*Prompt*:
Output the lines from the one containing "- 【课题开题报告模板】教育" through the last line of the material below, exactly; please do not include pictures.

*Data block*:
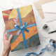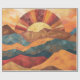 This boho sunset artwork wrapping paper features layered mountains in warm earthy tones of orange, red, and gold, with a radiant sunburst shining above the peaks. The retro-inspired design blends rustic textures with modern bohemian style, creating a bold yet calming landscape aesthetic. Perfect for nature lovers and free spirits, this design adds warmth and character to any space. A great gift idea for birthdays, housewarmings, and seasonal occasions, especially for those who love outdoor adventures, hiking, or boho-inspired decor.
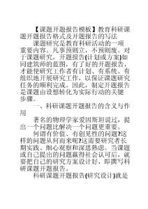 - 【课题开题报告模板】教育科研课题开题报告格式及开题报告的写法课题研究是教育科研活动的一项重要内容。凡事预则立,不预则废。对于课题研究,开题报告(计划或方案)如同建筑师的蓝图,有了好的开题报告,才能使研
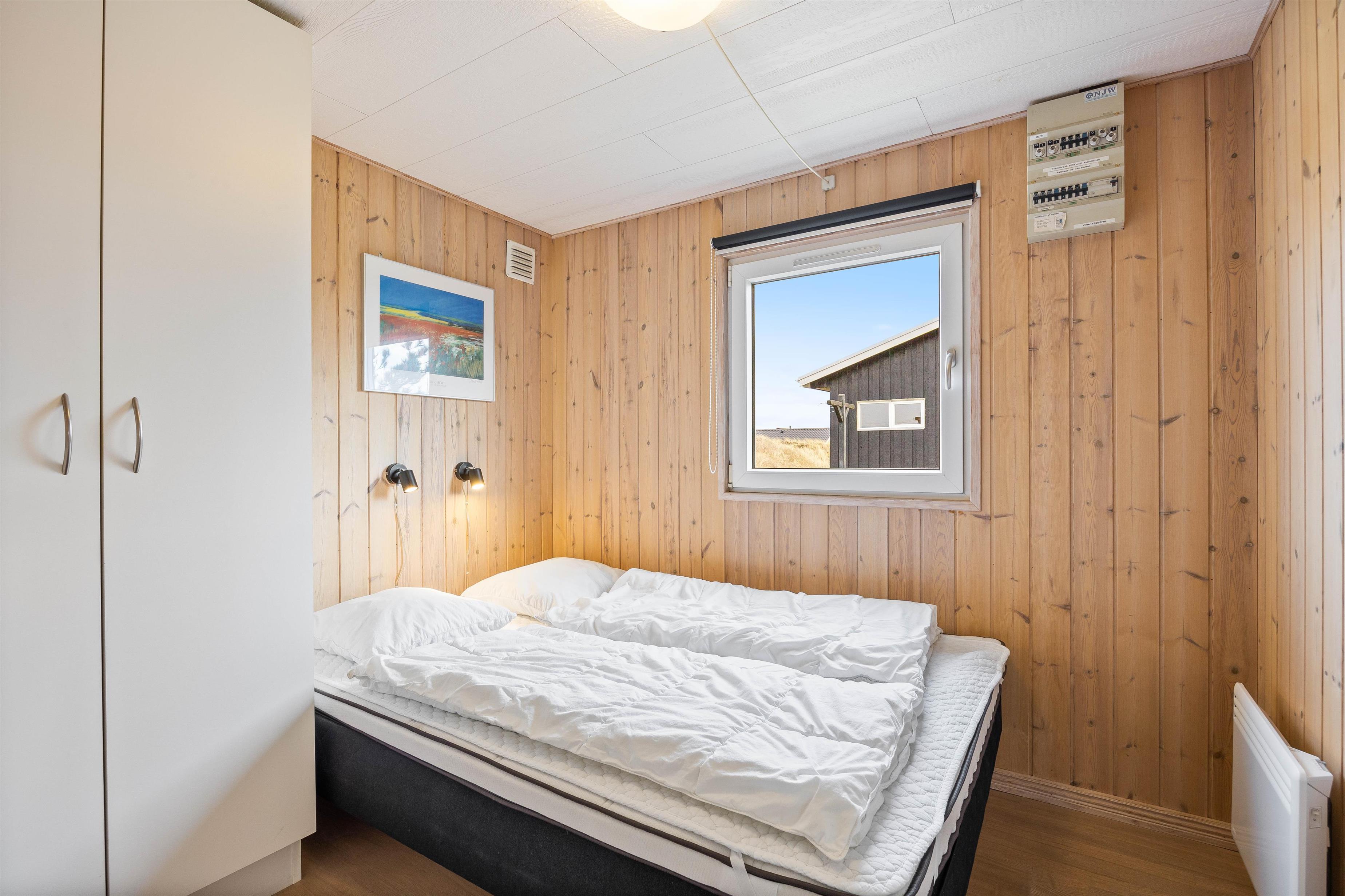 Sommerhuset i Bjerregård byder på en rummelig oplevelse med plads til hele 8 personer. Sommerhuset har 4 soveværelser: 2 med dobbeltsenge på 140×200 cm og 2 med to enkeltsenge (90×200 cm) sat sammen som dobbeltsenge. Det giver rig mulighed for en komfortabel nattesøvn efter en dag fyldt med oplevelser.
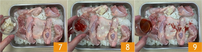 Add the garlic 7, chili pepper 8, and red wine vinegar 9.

*Answer box*:
 - 【课题开题报告模板】教育科研课题开题报告格式及开题报告的写法课题研究是教育科研活动的一项重要内容。凡事预则立,不预则废。对于课题研究,开题报告(计划或方案)如同建筑师的蓝图,有了好的开题报告,才能使研
 Sommerhuset i Bjerregård byder på en rummelig oplevelse med plads til hele 8 personer. Sommerhuset har 4 soveværelser: 2 med dobbeltsenge på 140×200 cm og 2 med to enkeltsenge (90×200 cm) sat sammen som dobbeltsenge. Det giver rig mulighed for en komfortabel nattesøvn efter en dag fyldt med oplevelser.
 Add the garlic 7, chili pepper 8, and red wine vinegar 9.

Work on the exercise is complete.